59. The method of claim 58, wherein administering the first dose and administering the second dose are simultaneous.

60. The method of claim 58, wherein administering the first dose and administering the second dose partially overlap in time.

61. The method of claim 58, wherein administering the first dose and administering the second dose are sequential.

62. The method of any one of claims 58 to 61, wherein the first device and the second device are different devices.

63. The method of any one of claims 58 to 61, wherein the first device and the second device are the same device.

64. The method of any one of claims 58 to 63, wherein administering the dose cumulatively provides a therapeutically effective dose.

65. The method of any one of claims 58 to 64, wherein the first site and the second site are on different limbs of the subject.
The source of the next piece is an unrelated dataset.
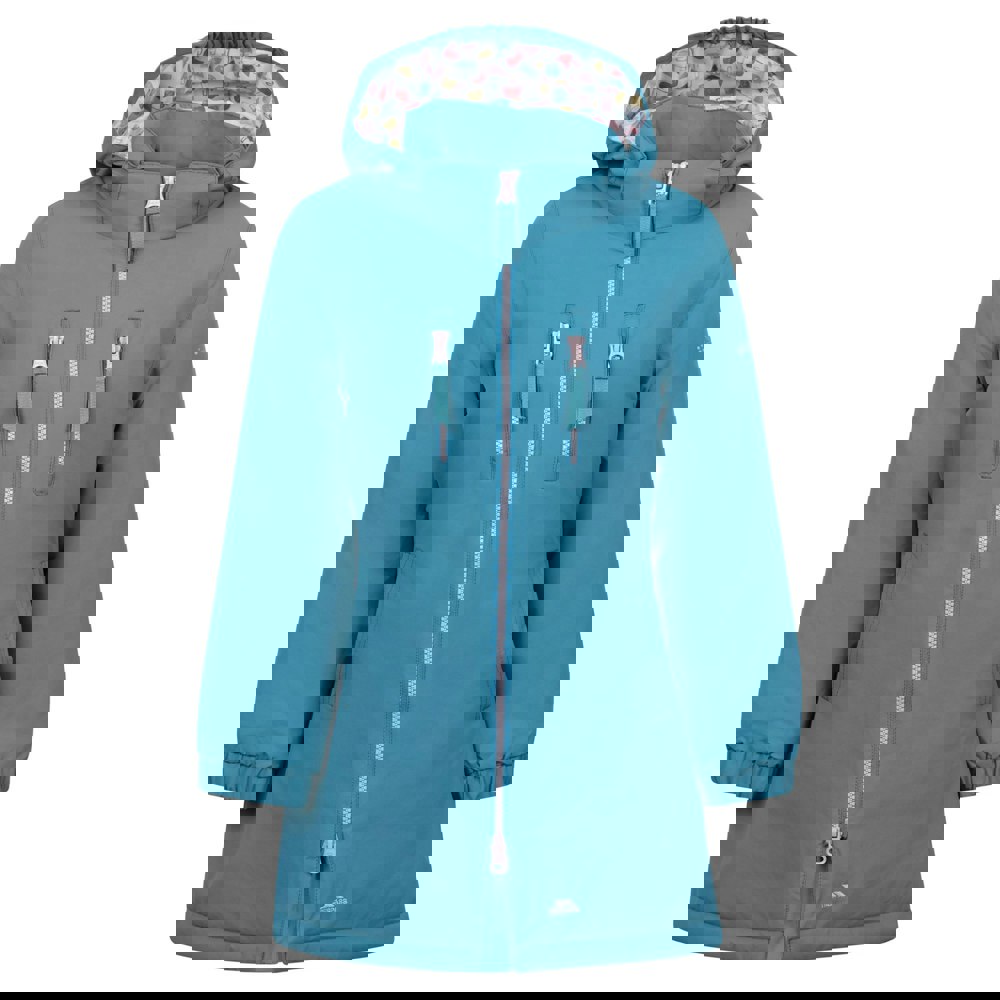 This girls’ Marybank raincoat from Trespass comes in light teal with a plain finish and logo detail. The outer is 100% polyamide with a PU shell, plus a 100% polyester lining and 100% polyester filling. A padded construction and long length create a practical layer for wet-weather wear.

66. The method of any one of claims 58 to 65, wherein the first site and the second site are each independently proximate to a hand or a foot of the patient.

67. The method of any one of claims 58 to 66, wherein the administering step is performed for at least 4, 6, 8, 10, 12, 16, 24, 36, 48, or 72 hours.

68. The method of any one of claims 58 to 67, wherein the device is placed at a site on the skin of the subject having lymphatic capillaries and/or lymphatic vessels that deliver lymph directly into the lymphatic system in an inflamed site in the patient, the lymphatic system comprising lymph nodes, lymphatic capillaries, lymphatic vessels, lymphatic organs, or any combination thereof.